В середине октября погода стояла хорошая, и я потерял много рабочих часов, слушая, как официант вспоминает о временах безудержного патриотизма во время войны за Мальвинские острова, когда кафе пришлось переименовать в «Танико», и перечисляет все случаи, когда Борхес заходил сюда выпить рюмку хереса, а Эрнесто Сабато садился как раз за столик, за которым сижу сейчас я, и писал здесь первые страницы романа «О героях и могилах». Я знал, что рассказы официанта — это мифы для иностранцев, что Сабато незачем было отправляться писать так далеко, когда он располагал уютным кабинетом за пределами города, в Санто-Лугарес, и там была обширная библиотека, к которой писатель мог обращаться в поисках вдохновения. Чтобы не мучиться сомнениями, я никогда больше не садился за этот столик.
Тукуман опоздал на полчаса. Я в то время не расставался с моим экземпляром «Антологии» — любой антиквар выложил бы тогда за него пятьсот долларов — и парой книжек по истории постколониальной эпохи, с помощью которых собирался изучить отражение национального чувства в танго, которое упоминал Борхес. Впрочем, в ночные часы мое внимание было крайне непостоянным, перелетая с кувшинов пива «Кильмес кристал» на двойной джин, который заказывали клиенты, или на фланговую атаку черного короля на шахматной доске, за которой сражались два одиноких старика. Я вернулся в себя после этих блужданий, только когда Тукуман сунул мне под нос бутафорский шарик размером с мячик для пинг-понга; тот напоминал игрушку на рождественской елке. Вся его поверхность была составлена из маленьких зеркалец, иногда цветных, и сверкала, отражая свет лампочек.
Алеп — он вроде этого, да? Тукуман прямо раздувался от гордости.
Возможно, получился неплохой сувенир для простачков. Отдельные детали совпадали с описанием Борхеса: это был маленький переливчатый шар, однако он не сверкал невыносимым блеском.
Более-менее, ответил я. Туристы вроде меня проглотят любую бредятину.
Я пытался изъясняться на языке тусовочного Буэнос-Айреса, но то, что Тукуману давалось само собой, в моей голове путалось.

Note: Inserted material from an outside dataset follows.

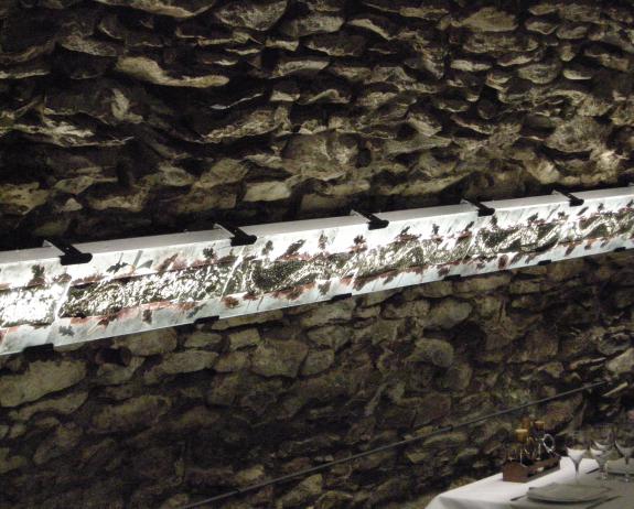 Light and glass installation for the Can Xarina restaurant in Catalonia, Spain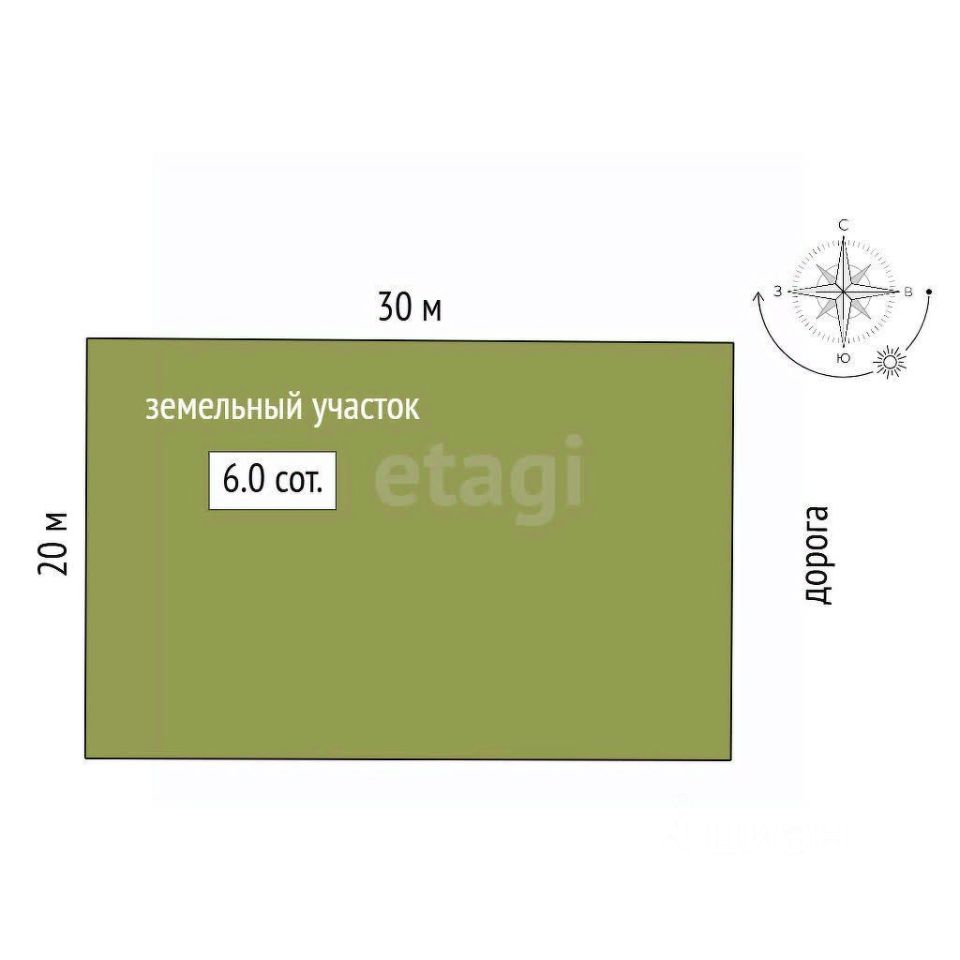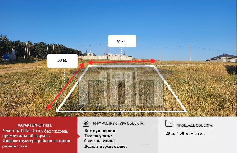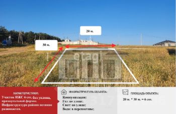 Земельный участок ровный, четырехугольной формы, площадь - 6 соток.

Иногда эти летучие словечки прорывались и в материалы для моей будущей диссертации. Я избавлялся от них, как только замечал, потому что по возвращении на Манхэттен они точно вылетят у меня из памяти. Язык Буэнос-Айреса двигался так быстро, что сначала появлялись слова, а потом подходила реальность; слова оставались и после того, как реальность изменялась.
По словам Тукумана, знакомый электрик мог осветить этот шар изнутри или, что даже лучше, направить на него луч галогенной лампы, и тогда его свечение станет похоже на радугу. Я предложил для усиления драматического эффекта пустить кассету с записью, в который Борхес своим нетвердым голосом перечисляет то, что видно в алефе. Эта идея привела моего друга в восторг:
Видишь, зверушка? Если бы не этот дон Сексостряс, мы бы наколотили хороших бабок и раздолбали весь Буэнос-Айрес.

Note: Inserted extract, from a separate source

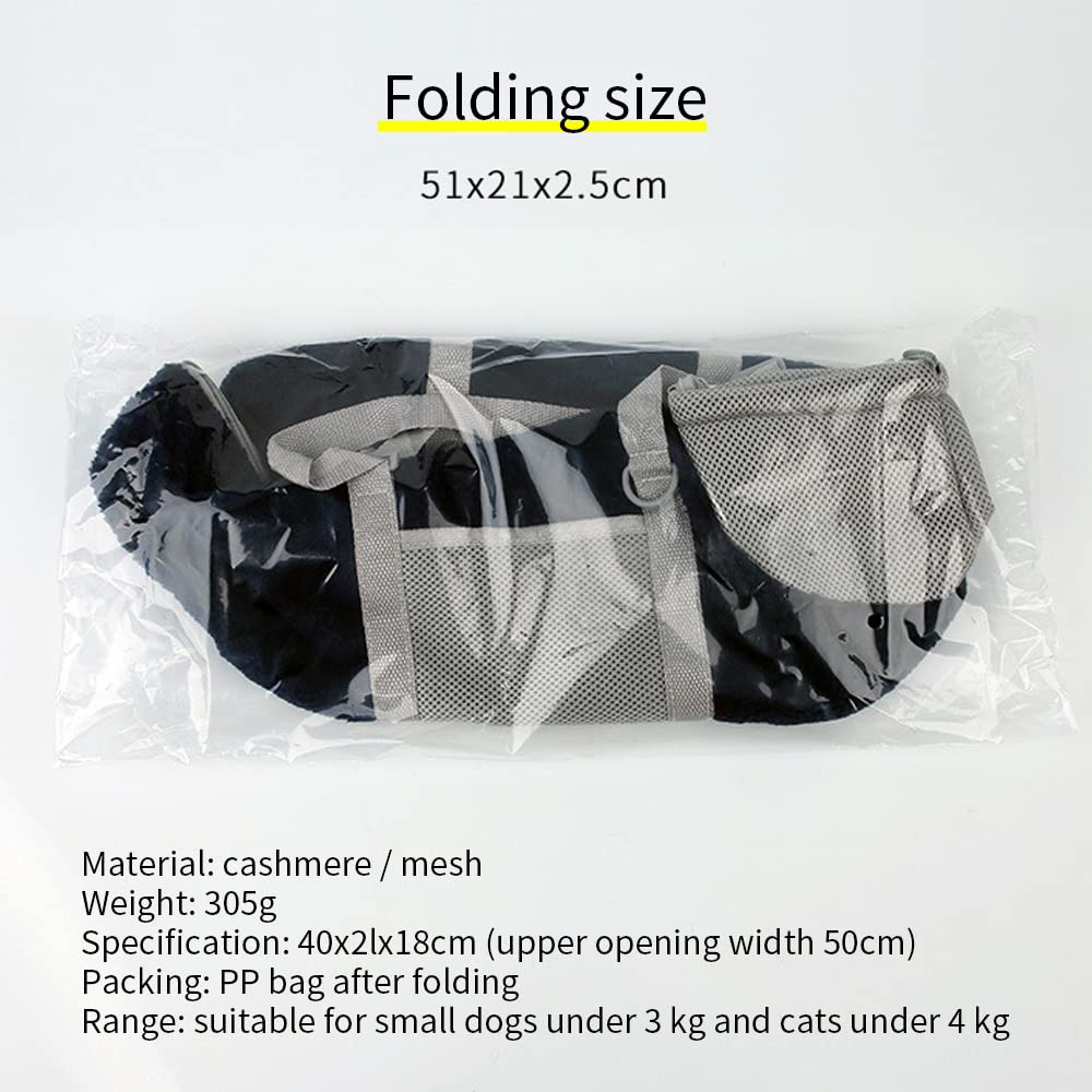 The cat carrier bag is made of lambskin and mesh fabric, combining softness and breathability. It is designed to accommodate dogs weighing up to 3kg and cats weighing up to 4kg. The shoulder strap is adjustable, allowing for easy carrying by hand or over the shoulder. Additionally, the bag features a convenient hook that can be attached to the pet's collar, ensuring security during transportation. The inclusion of a cushion provides extra comfort for the pet inside the bag, allowing them to relax and enjoy the journey.

Я никак не мог привыкнуть к прозвищам, которые он мне дает: «зверушка», «пантера», «титан». Я предпочитал более нежные эпитеты, слетавшие с его губ, когда мы оставались наедине. А происходило это очень редко, только когда я начинал его умолять или осыпал подарками. Почти все время наших свиданий тратилось на обсуждение стратегий, как лучше использовать лже-алеф, который Тукуман, уж не знаю почему, считал делом вернейшим.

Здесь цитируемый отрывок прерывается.